Task details: What you return must be the exact lines of the material below, from the first through the one that has "当天,大家用手中的相机聚焦葡萄的田间管理、采摘等精彩画面。 特约摄影 杨建峰", with no pictures and, please, nothing else.

Information provided:
****************************************
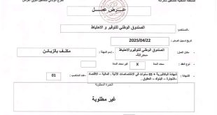 وزارة العمل و التشغيل و الضمان الإجتماعي الفرع الولائي للتشغيل-عين صالح الملحقة المحلية للتشغيل-عين صالح وكالة الوطنية للتشغيل ads عرض عمل المؤسسة: مؤسسة تسيير مصالح مطارات الجزائر المنصب المطلوب: Cadre équipement عدد المناصب: 01 تاريخ العرض: 26/08/2025 نوع العقد: CDD مدة صلاحية العرض: (مساحة فارغة) شروط: شهادة ماستر أو مهندس …
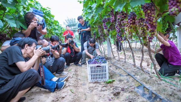 当天,大家用手中的相机聚焦葡萄的田间管理、采摘等精彩画面。 特约摄影 杨建峰
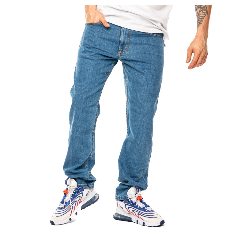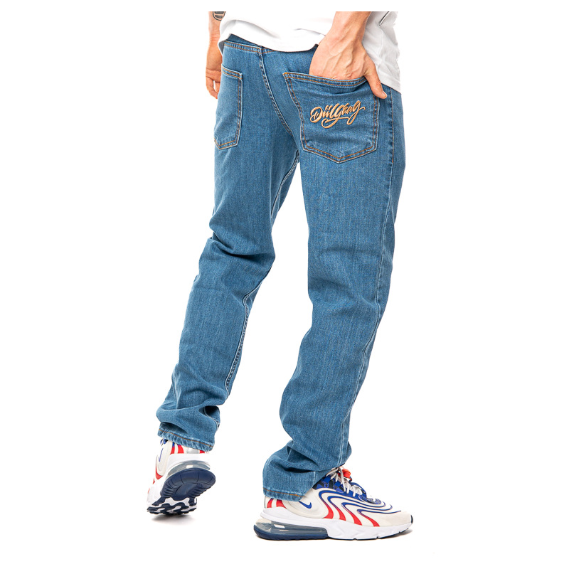 Jeansowe spodnie z haftem o regularnym kroju. Posiadają cztery kieszenie i szlufki wszyte w pasie.
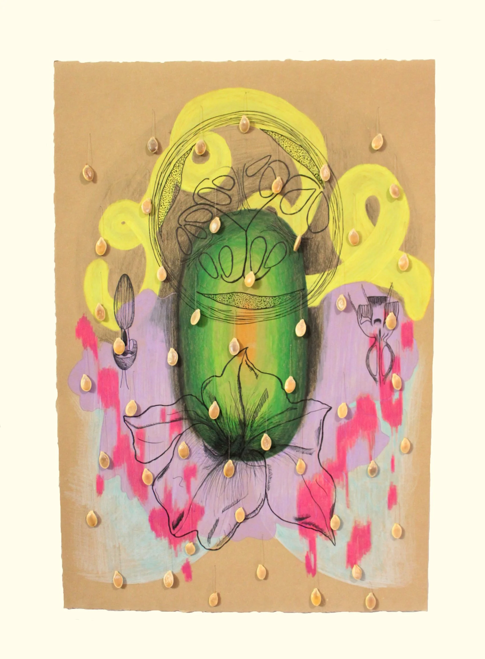 All of the illustrations in this series are 15” x 22”, colored pencil and ink on paper with cotton thread holding that specific plants seeds or roots. Title contains the arawak / taino name, english name and latin or scientific name. Series 2024 - 2025
****************************************
Task response:
 وزارة العمل و التشغيل و الضمان الإجتماعي الفرع الولائي للتشغيل-عين صالح الملحقة المحلية للتشغيل-عين صالح وكالة الوطنية للتشغيل ads عرض عمل المؤسسة: مؤسسة تسيير مصالح مطارات الجزائر المنصب المطلوب: Cadre équipement عدد المناصب: 01 تاريخ العرض: 26/08/2025 نوع العقد: CDD مدة صلاحية العرض: (مساحة فارغة) شروط: شهادة ماستر أو مهندس …
 当天,大家用手中的相机聚焦葡萄的田间管理、采摘等精彩画面。 特约摄影 杨建峰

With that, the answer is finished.